Rhinoceroses or capybaras? Blackpink or something less cling clangy? Two old friends are making a radio play for the internet. This week’s episode is about the ‘rhinoceritis epidemic’ in the 1980s, where rhinoceroses have inexplicably started taking over the growing metropolis of Singapore.
Do Rhinos Feel Their Horns? (or can they not see them like how we can’t see our noses) is a play rooted in Eugene Ionesco’s absurdist play Rhinoceros which re-asks what conformism means as we live through what is objectively the best time in human history. It is funny, bleak, sometimes joyous, but always full of play.

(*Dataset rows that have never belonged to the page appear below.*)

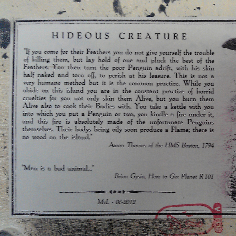 The Great Auk was a magnificent flightless bird that was murdered to extinction for its’ feathers and fat. The account of Auk harvesting I stuck to the back of this piece is especially chilling.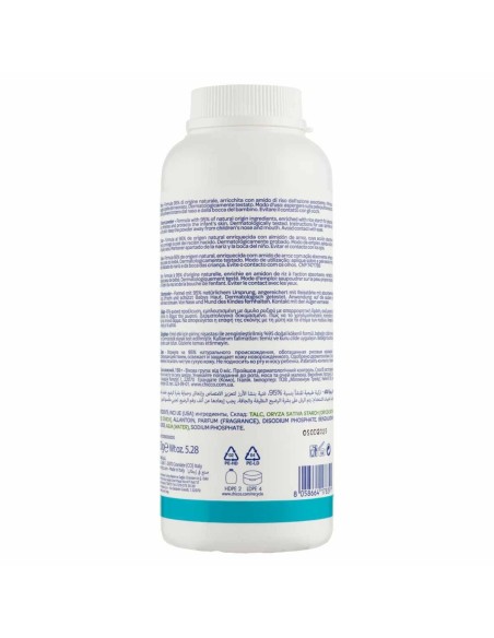 Modo d'uso: aspergere sulla pelle pulita e asciutta. Tenere la polvere lontano dal naso e dalla bocca del bambino. Evitare il contatto con gli occhi.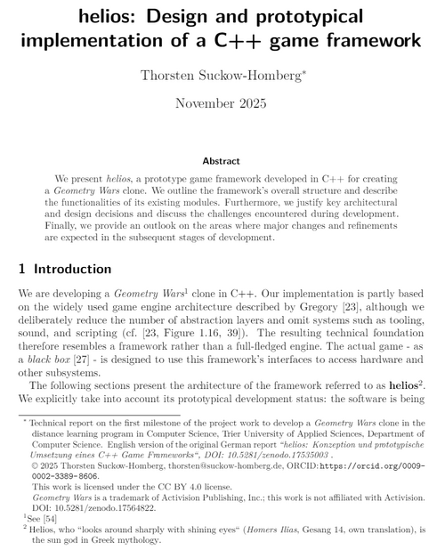 I’ve published an accompanying technical report on my game framework helios that outlines the key architectural decisions behind the prototype and discusses its further development.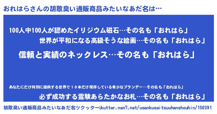 | ヒーロー風カッコイイあだ名 | 『黄金騎士オレ』『友情の使者おれはら』 |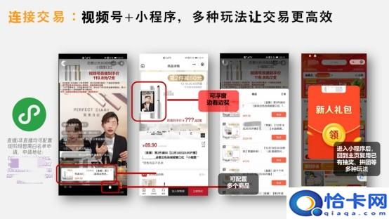 视频号能够衔接买卖,经过小程序和小商店,全面打通直播带货买卖链路。

Expect some interesting sounds, performed with a smorgasbord of foley and audio effects.
Following their debut in 2022 with The Change, Rhinos sees Gangguan! bringing together a new creative team, including director Adeeb Fazah of the Second Breakfast Company, actors Shannen Tan, who has trained with Young & Wild and toured internationally to Bangkok, and Melbourne Fringe award-winning Cheryl Ho, as well as Straits Times Life! Theatre Awards-nominated sound artist Vick Low.

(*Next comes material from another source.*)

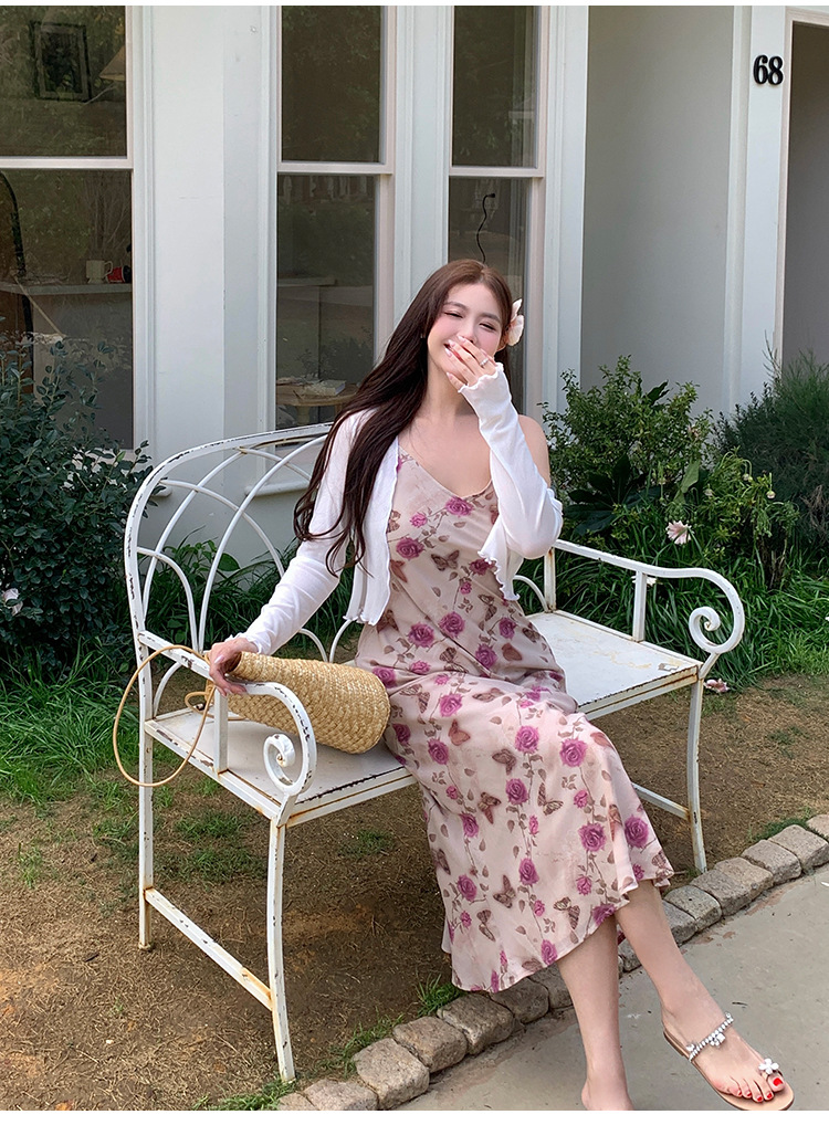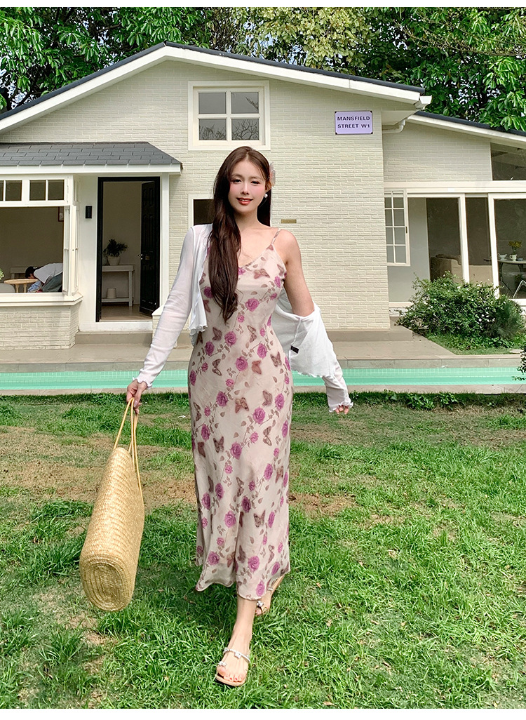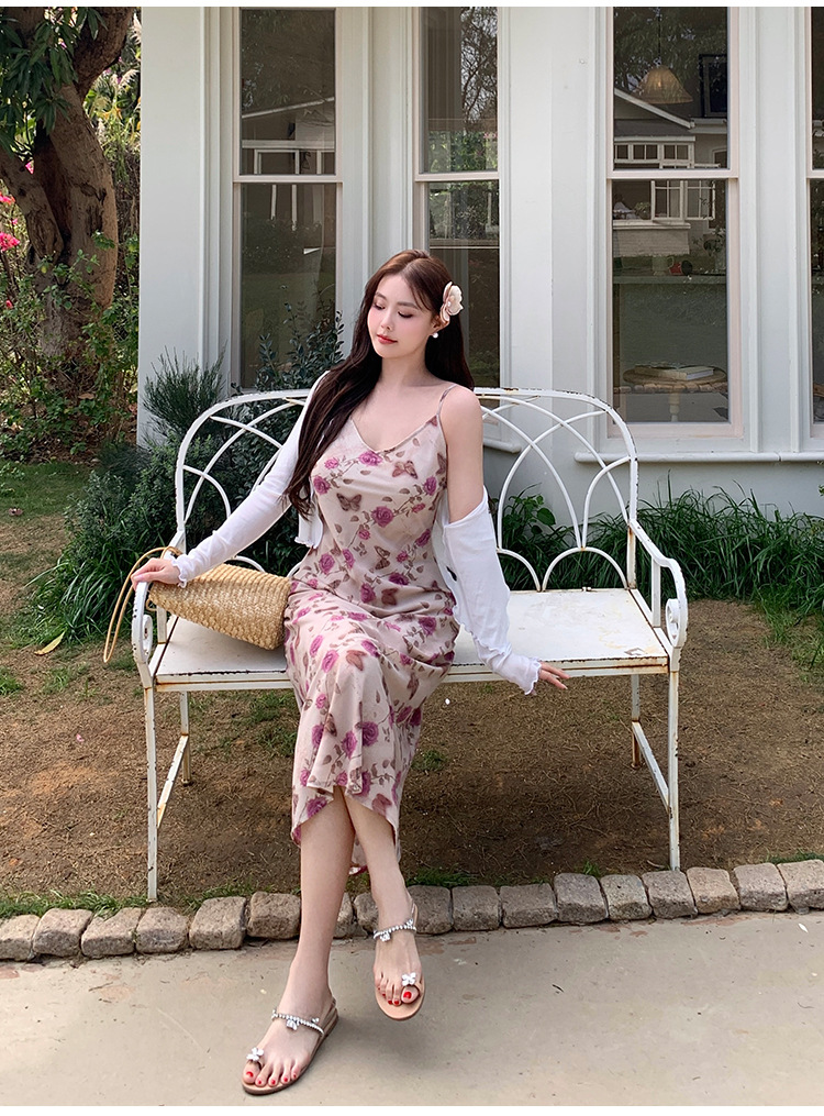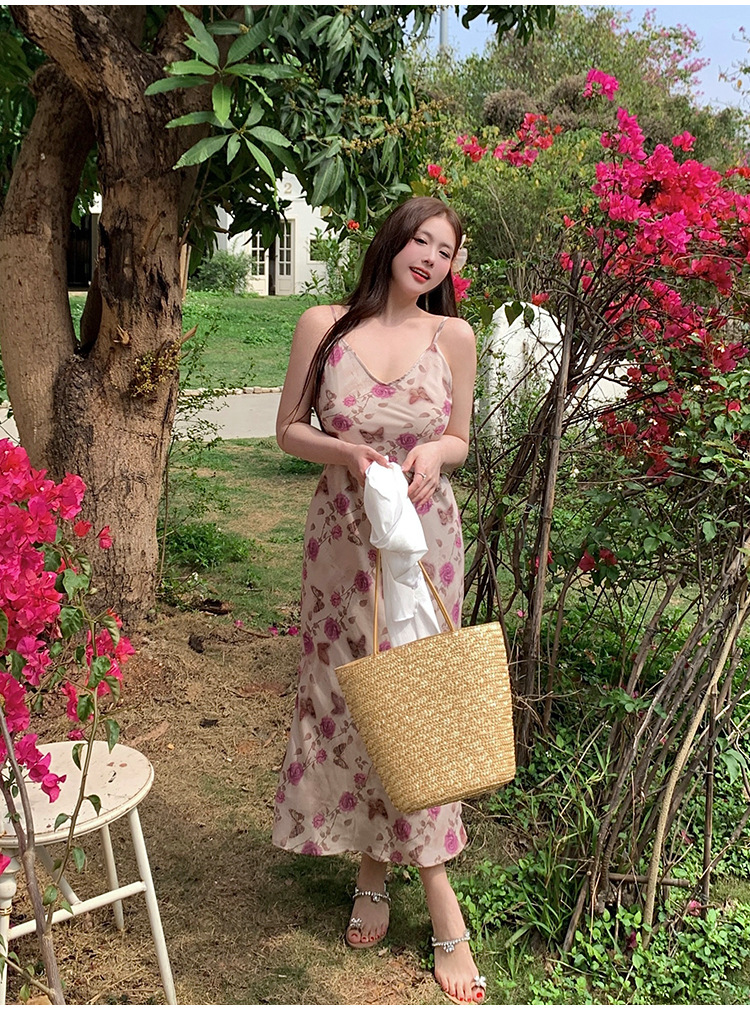 플러스 사이즈 여성 고급 프렌치 티 브레이크 꽃 슬링 원피스 블라인트 V 넥 슬림 피쉬 테일 스커트 2035스토어 가기

Following its Singapore run in May, Rhinos is set to travel to the Edinburgh Fringe where it will run from 15th to 27th August as part of a major venue’s programme (to be announced soon). Say playwright Edward Eng: “Rhinos grew out of an odd disconnect with the original play by Ionesco. While the premise of a town taken over by rhinoceroses was thrilling, the source play warning us of the crisis of conformism was also designed as a parable for the fascist surge in 1930s Romania.”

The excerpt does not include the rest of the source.